Per aggregate scheduling weights for nova-scheduler

So we (well, Risto) ended up writing this.

from oslo.config import cfg

from nova.i18n import _LW
from nova.scheduler import weights
from nova.scheduler.filters import utils
from nova.openstack.common import log as logging

ram_weight_opts = [
        cfg.FloatOpt('ram_weight_multiplier',
                     default=1.0,
                     help='Multiplier used for weighing ram.  Negative '
                          'numbers mean to stack vs spread.'),
]

CONF = cfg.CONF
CONF.register_opts(ram_weight_opts)

LOG = logging.getLogger(__name__)

class AggregateRAMWeigher(weights.BaseHostWeigher):
    def weight_multiplier(self):
        return 2*CONF.ram_weight_multiplier

    def _weigh_object(self, host_state, weight_properties):
        aggregate_vals = utils.aggregate_values_from_db(
            weight_properties['context'],
            host_state.host,
            'pack_instances')

        if len(aggregate_vals) > 0:
            try:
                default_pack_instances = True if CONF.ram_weight_multiplier < 0 else False
                pack_instances = min(map(lambda val: {"true": True, "false": False}.get(val.lower()), aggregate_vals))
            except ValueError as e:
                LOG.warning(_LW("Could not decode ram_weight_multiplier: '%s'"), e)
                return 0
        else:
            return 0

        if default_pack_instances == pack_instances:
            return 0
        else:
            return -1.0 * host_state.free_ram_mb

A single new weigher that you drop into

/usr/lib/python2.7/site-packages/nova/scheduler/weights/

With the default config, this gets used by nova-scheduler automatically after a restart.

What it does

This is a bit hacky (after long discussions), since we don't want to touch the scheduler code itself if we can help it.
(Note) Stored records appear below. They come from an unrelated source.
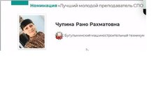 21 декабря завершился Всероссийский конкурс с участием стран СНГ «Лучший молодой преподаватель научно-образовательного кластера по подготовке кадров для нефтегазового комплекса Республики Татарстан». Наш техникум в номинации «Преподаватель СПО» представляла Чупина Рано Рахматовна. По итогам конкурса ей вручен сертификат на обучение в корпоративном университете ПАО «ТАТНЕФТЬ».
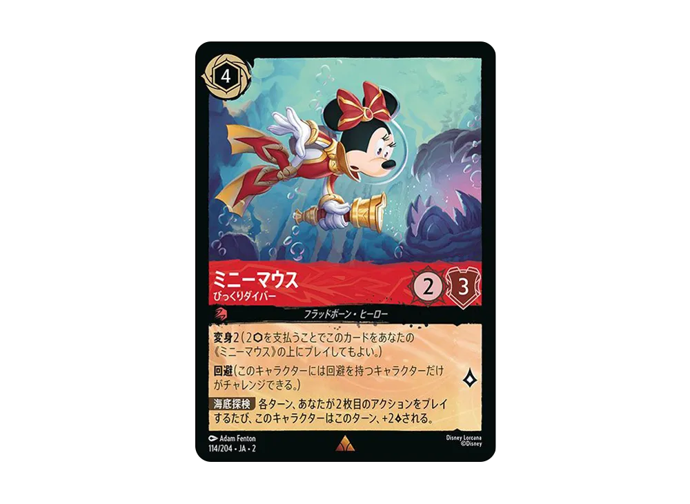 ミニーマウス - びっくりダイバー R [114/204 JA-2](ライズ オブ ザ フラッドボーン フラッドボーンの渾沌)【日本語版】(Minnie Mouse - Wide-Eyed Diver R [114/204 JA-2](Rise Of The Floodborn) [Japanese Ver.])
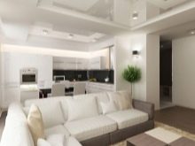 - Възможност за бързо създаване на осветление. Наличието на няколко нива в един дизайн ви позволява да създадете необходимото ниво на осветление с помощта на осветителни тела, направени в различен стил.
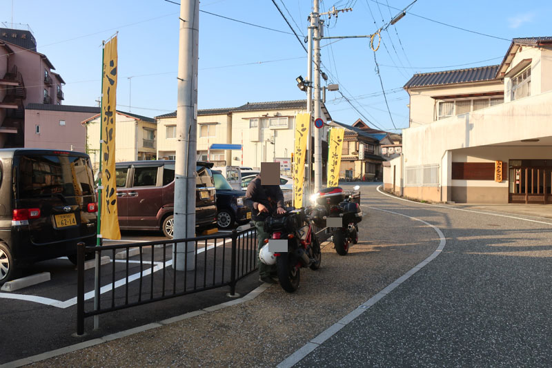 嬉野温泉郷に入ってきたが、バイクを停められる場所を見つけられずに四苦八苦。グルグルと回った挙句に結局は路駐することに。(見つかったら捕まるのですぐに発車できる状態に)
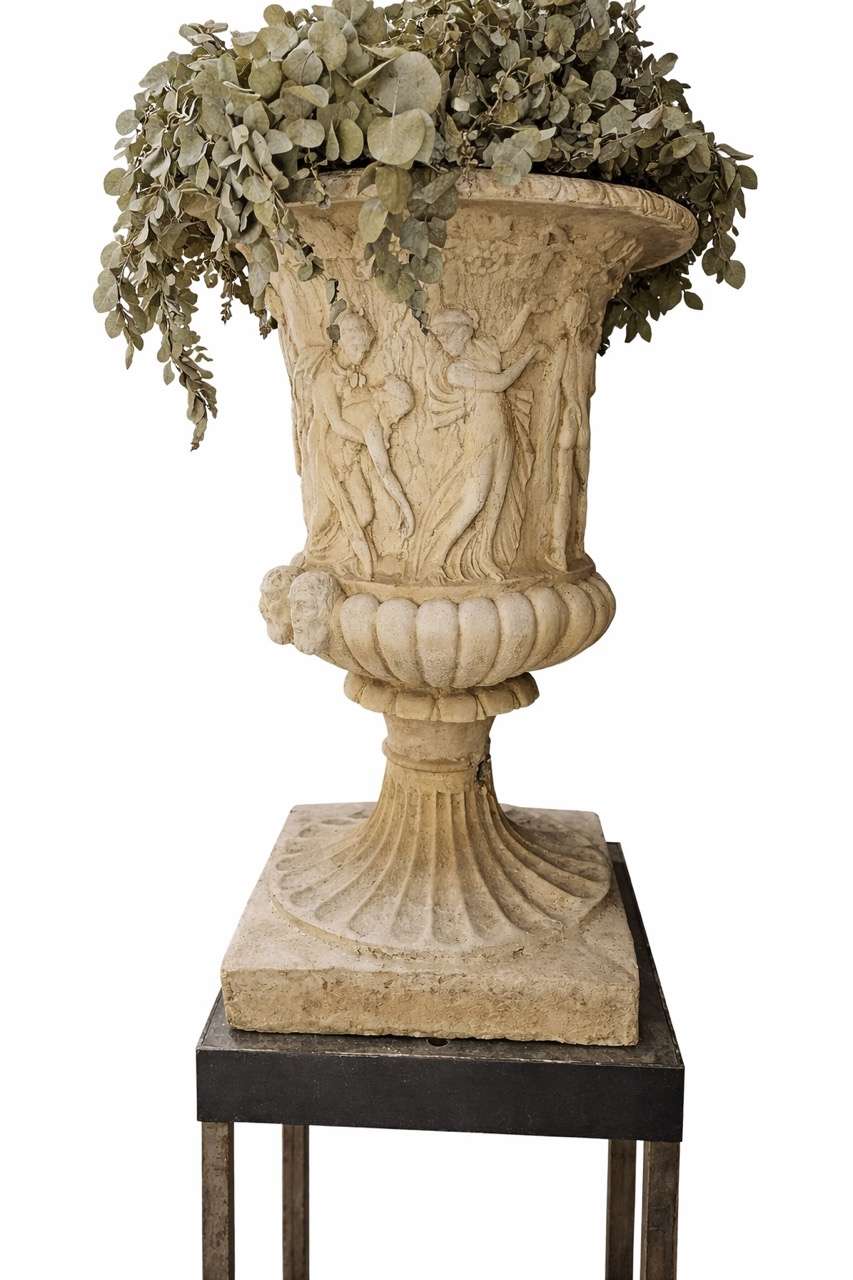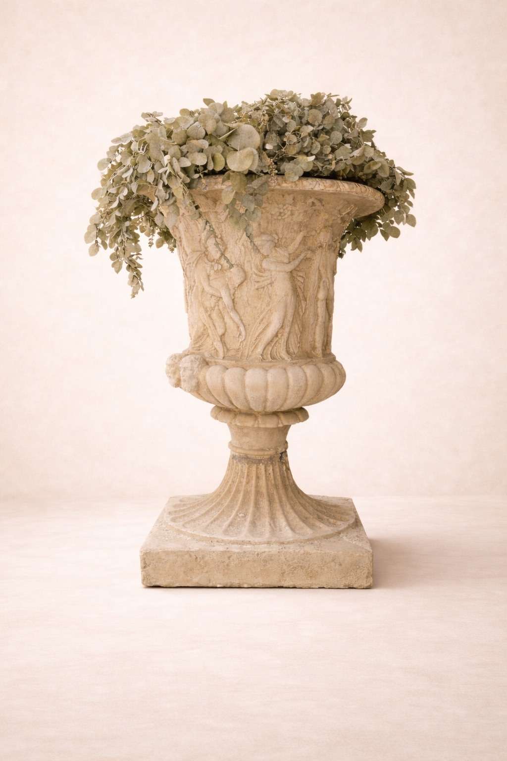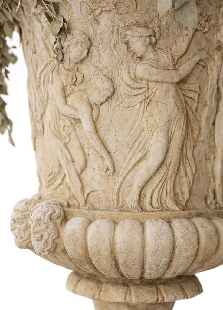 Cuerpo principal: presenta relieves con figuras humanas femeninas en movimiento, de estilo clásico, posiblemente inspiradas en escenas mitológicas o alegóricas. Las figuras parecen danzar o interactuar entre sí.

First of all for the weight, we return 2 * configured weight in weight_multiplier. This is so that we can (if necessary) revert the decision from RAMWeigher.

Then comes the interesting part in weigh_object. This code should actually be in weight_multiplier, but that function doesn't have all the necessary info available (weight_properties).
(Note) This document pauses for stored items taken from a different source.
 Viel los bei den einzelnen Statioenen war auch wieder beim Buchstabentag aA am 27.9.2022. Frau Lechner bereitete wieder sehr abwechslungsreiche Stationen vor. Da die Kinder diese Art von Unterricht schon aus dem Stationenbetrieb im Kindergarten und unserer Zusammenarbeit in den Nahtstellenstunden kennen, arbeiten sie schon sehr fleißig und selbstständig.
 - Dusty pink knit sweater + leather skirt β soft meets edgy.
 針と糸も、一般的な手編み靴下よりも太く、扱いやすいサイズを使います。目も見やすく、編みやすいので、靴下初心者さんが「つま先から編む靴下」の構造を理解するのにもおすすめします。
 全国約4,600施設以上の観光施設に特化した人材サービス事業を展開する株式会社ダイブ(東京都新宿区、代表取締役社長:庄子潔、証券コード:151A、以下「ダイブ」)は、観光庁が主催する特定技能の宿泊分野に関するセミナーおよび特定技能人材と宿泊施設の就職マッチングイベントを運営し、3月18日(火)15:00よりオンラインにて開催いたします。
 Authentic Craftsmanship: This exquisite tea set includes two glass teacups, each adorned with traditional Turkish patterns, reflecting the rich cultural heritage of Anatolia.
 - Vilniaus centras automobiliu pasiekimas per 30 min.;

in weigh_object we check if the host aggregate(s) have a scheduling policy set (defaults to spread if they conflict). If so we check if it's the same as the nova.conf configured policy. If it's not set, or the same as nova.conf, we just return 0, which means this is ignored.

If the policy differs from the default, we return
free ram amount * -1
Since the multiplier is 2 * ram_weight_multiplier, we basically revert the spread/pack decision, and keep the values correct in case you have other weighers too.

How to use it

So, how do you actually use this? At your own risk!

Ok, more seriously. Just drop this file into

/usr/lib/python2.7/site-packages/nova/scheduler/weights/

Restart nova-scheduler.

Then you can add host_aggregate metadata. You can either set
pack_instances=true or pack_instances=false for your aggregate, and Bob's your uncle.

nova aggregate-metadata-set <id> pack_instances=false

We haven't done performance testing, but it didn't break our stuff. We're also not sure how maintainable this is across releases, but since it's just one file you drop in, it should be lightweight. There might of course be problems with newer versions of OpenStack where you have more weighers, but I don't see why there should be.